Ingredients Jump to Instructions ↓

  1. 1 lb ground beef

  2. 1/2 white onion, chopped

  3. 2 -3 ounces green curry paste (more if you like it hot!)

  4. 14 ounces coconut milk

  5. 2 tablespoons brown sugar

  6. 2 teaspoons lime juice

  7. 1 cup white potato , 1/4-inch diced (peel if desired)

  8. 1 cup carrot , peeled and 1/4-inch diced

  9. 1/2 cup cilantro , chopped

  10. 17 1/3 ounces puff pastry sheets (2 sheets)

  11. 1 egg , beaten with

  12. 1 teaspoon water

Instructions Jump to Ingredients ↑

  1. Brown the ground beef with the onion. Remove from pan and drain.
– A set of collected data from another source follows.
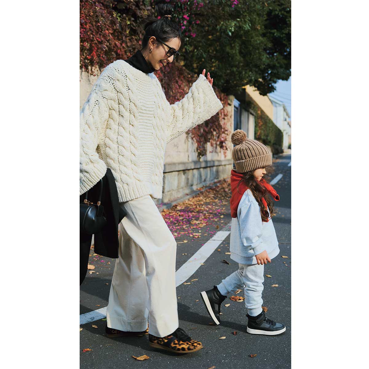 【ママ】レオパードスニーカー¥10,990(ZARA)ケーブルニット¥53,900(HER.)タートルニット¥39,600(ウメダ/ウメダニット)パンツ¥29,700(イエナ ラ ブークル/イエナ ラ ブークル ニュウマン新宿店)メガネ¥49,500(モスコット/モスコット アオヤマ)ピアス¥39,600(ブランイリス/ブランイリス トーキョー)ストール¥24,200(ブロッサム)バッグ¥462,000(ガブリエラ ハースト/ガブリエラ ハースト ジャパン)【キッズ】トップス¥3,300肩がけしたトップス¥3,300パンツ¥2,750(すべてケチャップ/ケチャップ PR)その他/スタイリスト私物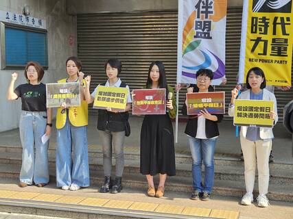 應「增加新的國定假日,例如性別平等教育、婚姻平權紀念日,才能彰顯進步價值!」時代力量、綠黨、桃產總等小黨與民團26日於立法院前召開記者會,呼籲增訂國定假日,其中還要納入多元價值紀念,如性別平等、婚姻平權、...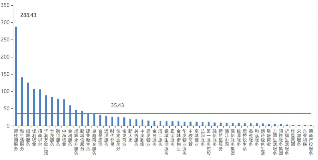 2021年披露年度在管面積的49家上市物企中,在管規模超過億平方米量級的物企達16家,超過均值(1.10億平方米)的物企為14家。其中,碧桂園服務在管面積達7.66億平方米,躍居上市物企在管規模之首;雅生活服務、保利物業和綠城服務在管面積均超過3億平方米;在管面積前五的企業規模總值達23.05億平方米,在上市物企中總規模占比超四成,上市物企的分化日益加大。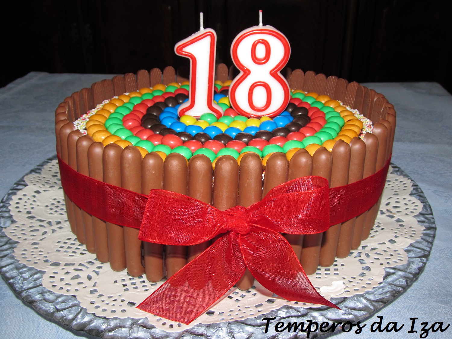 Deixe arrefecer um pouco e comece por colocar os palitos de chocolate à volta do bolo. Coloque a fita e faça o laço.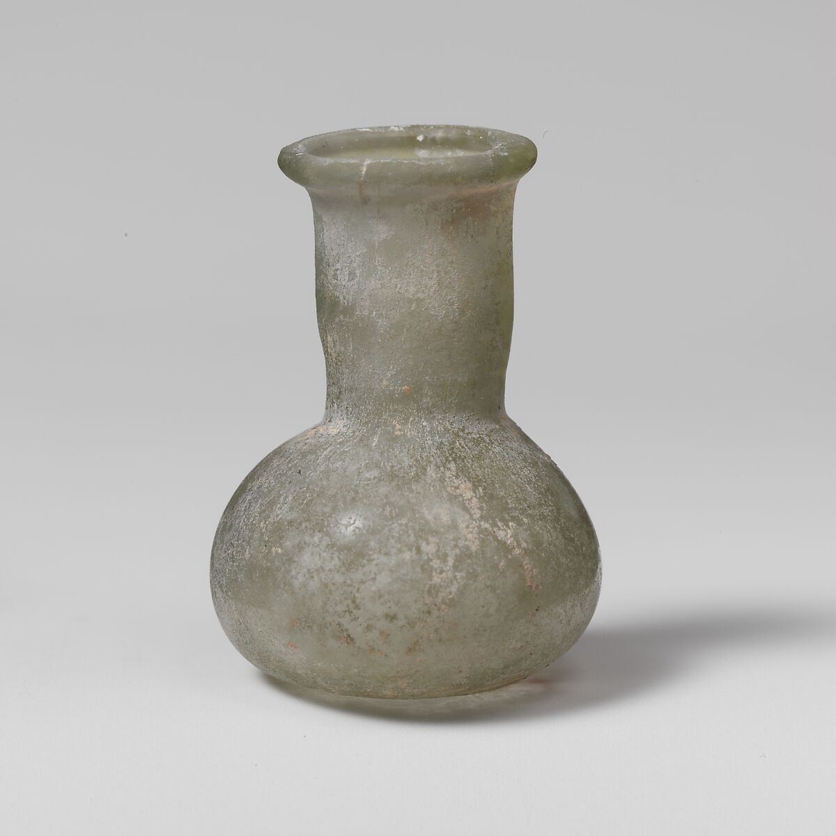 Rim folded out, over, and in; cylindrical neck, with broad, tooled-in area around base; squat bulbous body; small, slightly concave bottom.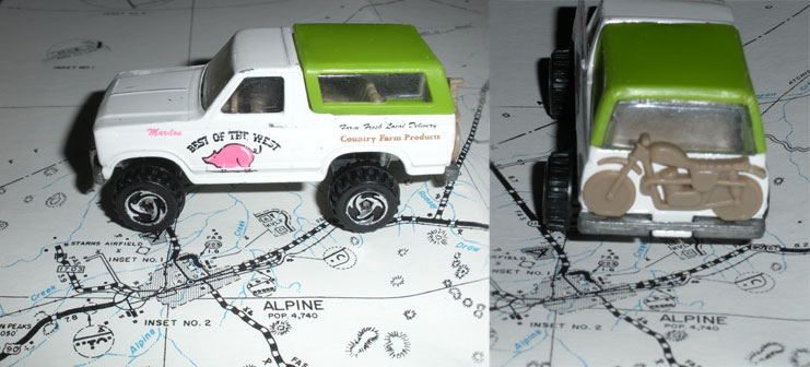 1980 Mattel Hot Wheels, made in Malaysia. "Marilou - Best of the West - Farm Fresh Local Delivery - Country Farm Products". A white pickup with a lime green camper cover with a bicycle on the back.
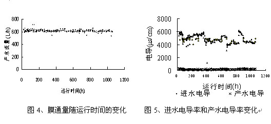 圖4看到在運行期間反滲透膜平均通量達到24.79L/m2•h,最高可達到28.6 L/m2•h,并且流量比較平穩,沒有比較大的衰減。由圖5可以看出,反滲透產水電導率在150μs/cm,達到了用戶自來水的標準;平均脫鹽率達到了97%;反滲透水回收率達到了75%。采用超濾膜和反滲透膜處理放流水試驗,結果表明經過處理的放流水再經膜法處理運行相當穩定,反滲透透過液比工業給水清澈,含鹽量也低,并可以回用于紙機各條生產線中。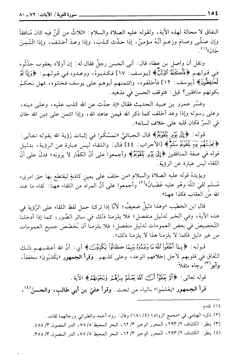 قوله: {إلى يَوْمِ يَلْقَوْنَهُ} قال الجبائيُّ «تمسَّكُوا في إثبات رُؤية الله بقوله تعالى: {تَحِيَّتُهُمْ يَوْمَ يَلْقَوْنَهُ سَلاَمٌ} [الأحزاب: 44] قال: واللقاء ليس عبارة عن الرؤية، بدليل قوله في صفة المنافقين {إلى يَوْمِ يَلْقَوْنَهُ} وأجمعوا على أنَّ الكفَّار لا يرونه؛ فدلَّ على أنَّ اللقاء ليس عبارة عن الرؤية.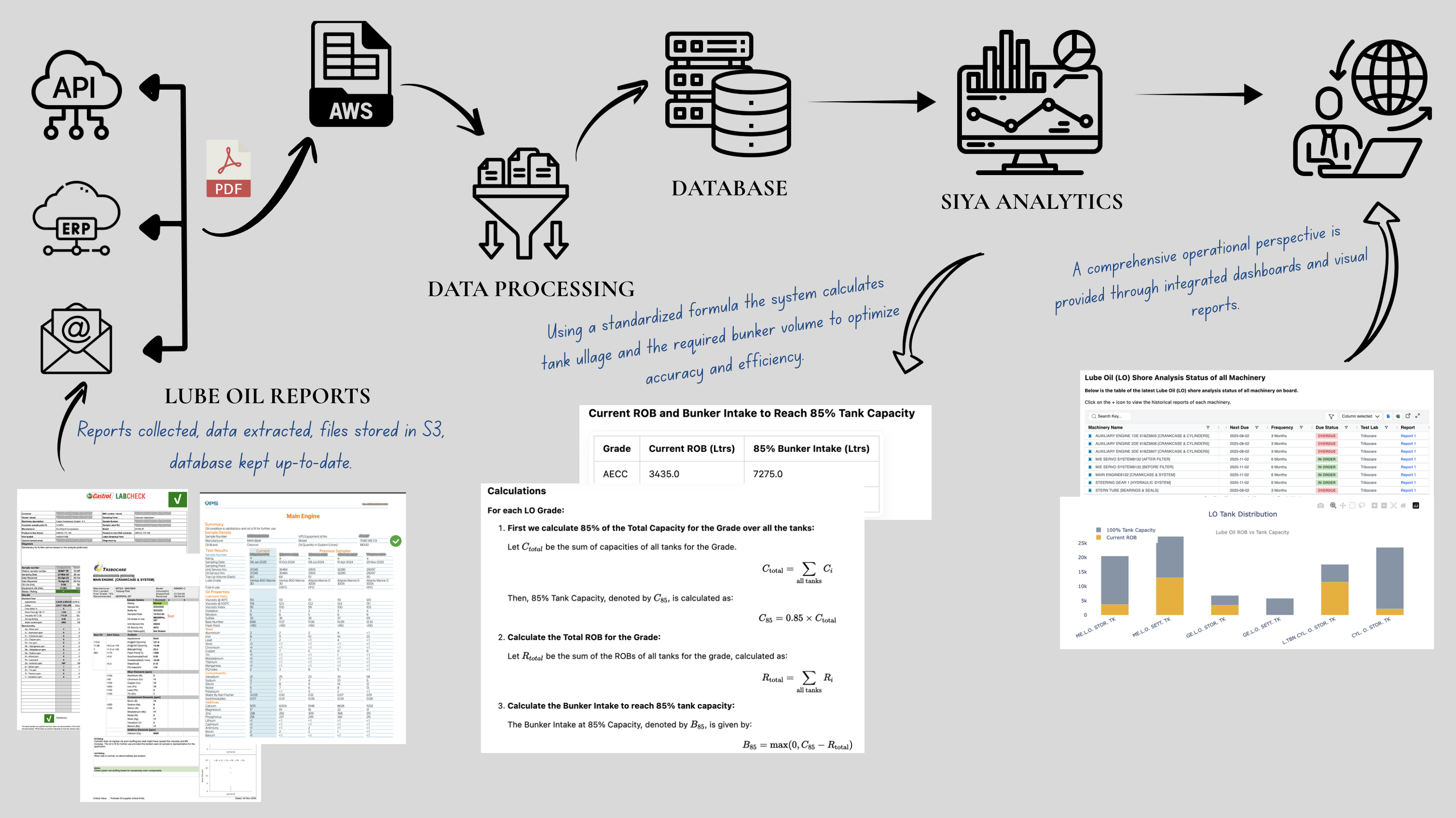This module provides a comprehensive, high-level overview of the entire lube oil analysis process, covering the Lube Oil Shore Analysis status of all machineries and the Lube Oil Tank Distribution and Capacity. These dashboards are specifically designed to keep track of lube oil quality and inventory, enabling proactive maintenance and optimizing bunker operations. The lube oil dashboard gives users the ability to follow up on when to submit the next samples for each piece of machinery, check the status of the last submitted samples, and access all corresponding reports. The flowchart below illustrates the data pipeline, showing how data is ingested from various sources, processed, stored, and ultimately presented in the dashboards.2. Data Sources

  2. In the same pan heat the curry paste for a couple minutes, stirring frequently. (Be careful not to scorch.).

  3. Add coconut milk, brown sugar and lime juice to the curry paste and stir with whisk until smooth. You can adjust the amounts of curry, sugar and lime at this point.

  4. Add potatoes and carrots and bring to a boil.

  5. Reduce heat to simmer, cover, and cook until vegetables are tender, about 20 minutes. Stir frequently. Add additional liquid (chicken stock, water, coconut milk)ONLY if necessary. But just a little as you don't want too much liquid when you're finished.

  6. Stir in the reserved ground beef and onions and the cilantro (if using).

  7. Place in a bowl and chill for 20 minutes.

  8. Meanwhile, preheat oven to 400º.

  9. Roll out defrosted puff pastry on lightly floured surface. Work with one sheet at a time, keeping the other sheet in the refrigerator to keep it cold.

  10. Roll into a 15x15-inch square. Trim and cut to make 9 5x5-inch squares.

  11. Brush edges of each square with beaten egg mixture.

  12. Place heaping 1/3 cup of chilled beef mixture in center.

  13. Bring up each corner to the top center and seal edges. This makes it look sort of like a pinwheel. (If you'd like, you can just fold in half to make triangles.).

  14. Place on baking sheet and repeat with remaining puff pastry.

  15. Brush pillows with egg wash and bake at 400º for 20 minutes, or until golden brown.

  16. Serve with additional chopped cilantro sprinkled on top.